INPUT FOR THIS TASK
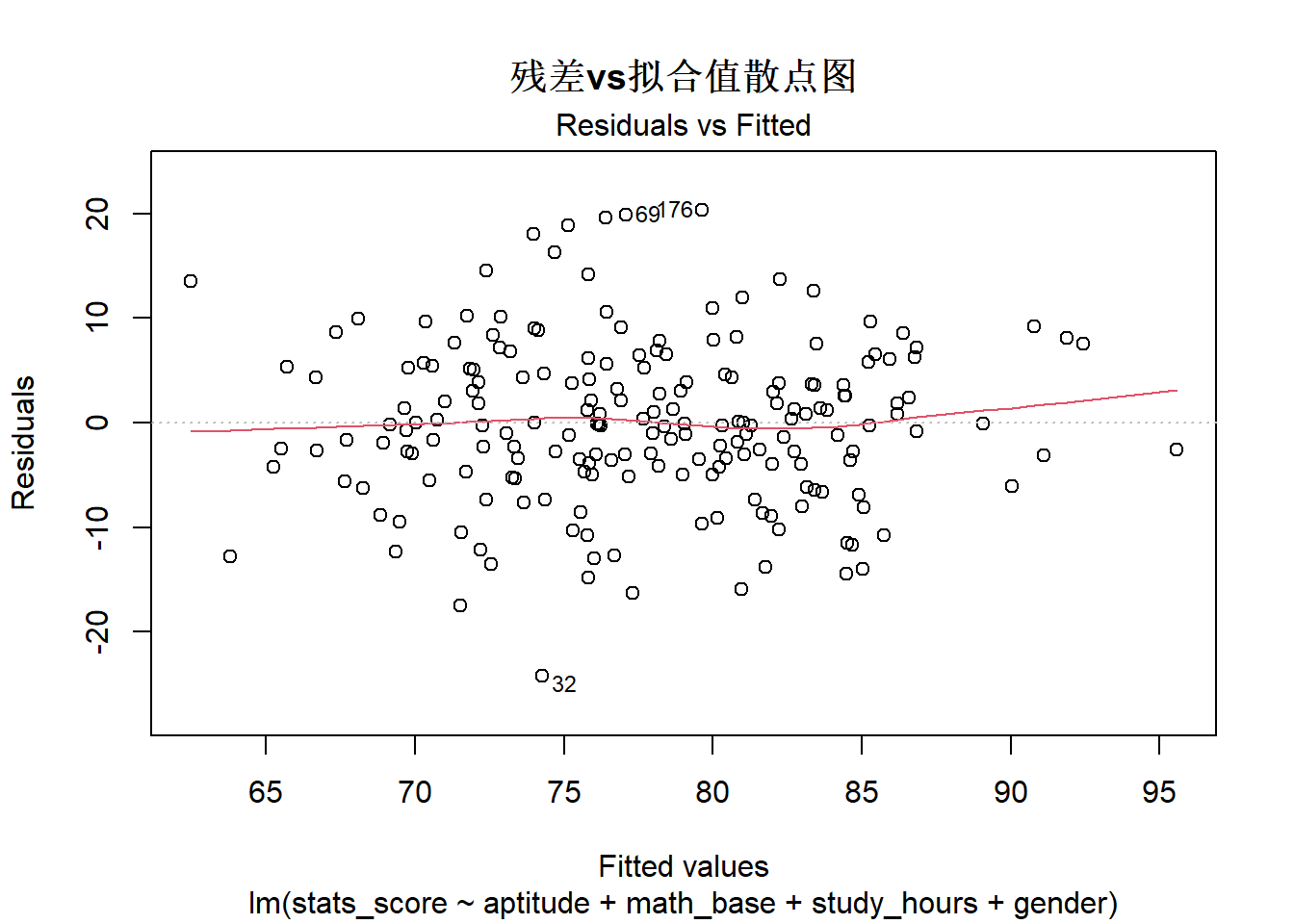 # 残差vs拟合值散点图(代码:plot(fit, which = 1))
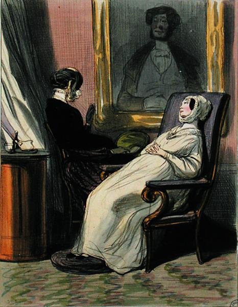 Pregnant Woman with Her Mother(Pregnant woman with her mother (colour litho))Paul Gavarni |
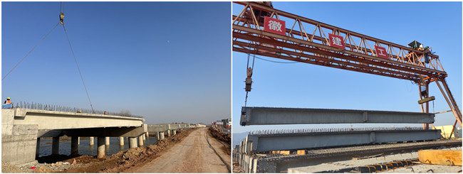 自进场以来,项目部提前谋划、科学组织建设梁场,围绕节点目标,进行任务分解。2023年6月10日启动箱梁首件预制;8月12日首片箱梁在鲁坦河大桥顺利架设。12月26日完成全线桥梁梁板架设。为保证本次架设施工安全,项目部制定详细节点计划,层层压实责任,详细制定运梁、架梁专项施工方案,在梁板运输过程中,整修通道、安排专人盯控,确保预制梁运输安全有序,同时全面细致地对现场施工技术人员进行技术交底和安全质量交底,严格把关每一道施工工序,确保板梁预制、架设等全过程受控。
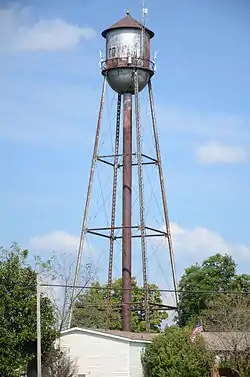 The Cotter water tower is a historic elevated steel water tower located in Cotter, Arkansas. It was constructed in 1935 by the Pittsburgh-Des Moines Steel Company, as part of the development of the local water supply system by the Public Works Administration. The tower was added to the National Register of Historic Places in 2007, as part of a multiple-property listing that included numerous other PWA-era projects in Arkansas, under the heading “An Ambition to Be Preferred: New Deal Recovery Efforts and Architecture in Arkansas, 1933-1943.”[2]
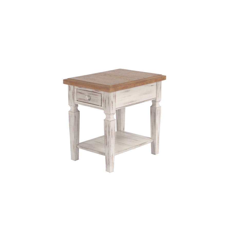 Two toned solid hardwood in burlap andd heavily distressed white.

REQUIRED WORK
Leave the pictures aside and give every entry above again word for word.

ANSWER SPACE
 # 残差vs拟合值散点图(代码:plot(fit, which = 1))
 Pregnant Woman with Her Mother(Pregnant woman with her mother (colour litho))Paul Gavarni |
 自进场以来,项目部提前谋划、科学组织建设梁场,围绕节点目标,进行任务分解。2023年6月10日启动箱梁首件预制;8月12日首片箱梁在鲁坦河大桥顺利架设。12月26日完成全线桥梁梁板架设。为保证本次架设施工安全,项目部制定详细节点计划,层层压实责任,详细制定运梁、架梁专项施工方案,在梁板运输过程中,整修通道、安排专人盯控,确保预制梁运输安全有序,同时全面细致地对现场施工技术人员进行技术交底和安全质量交底,严格把关每一道施工工序,确保板梁预制、架设等全过程受控。
 The Cotter water tower is a historic elevated steel water tower located in Cotter, Arkansas. It was constructed in 1935 by the Pittsburgh-Des Moines Steel Company, as part of the development of the local water supply system by the Public Works Administration. The tower was added to the National Register of Historic Places in 2007, as part of a multiple-property listing that included numerous other PWA-era projects in Arkansas, under the heading “An Ambition to Be Preferred: New Deal Recovery Efforts and Architecture in Arkansas, 1933-1943.”[2]
 Two toned solid hardwood in burlap andd heavily distressed white.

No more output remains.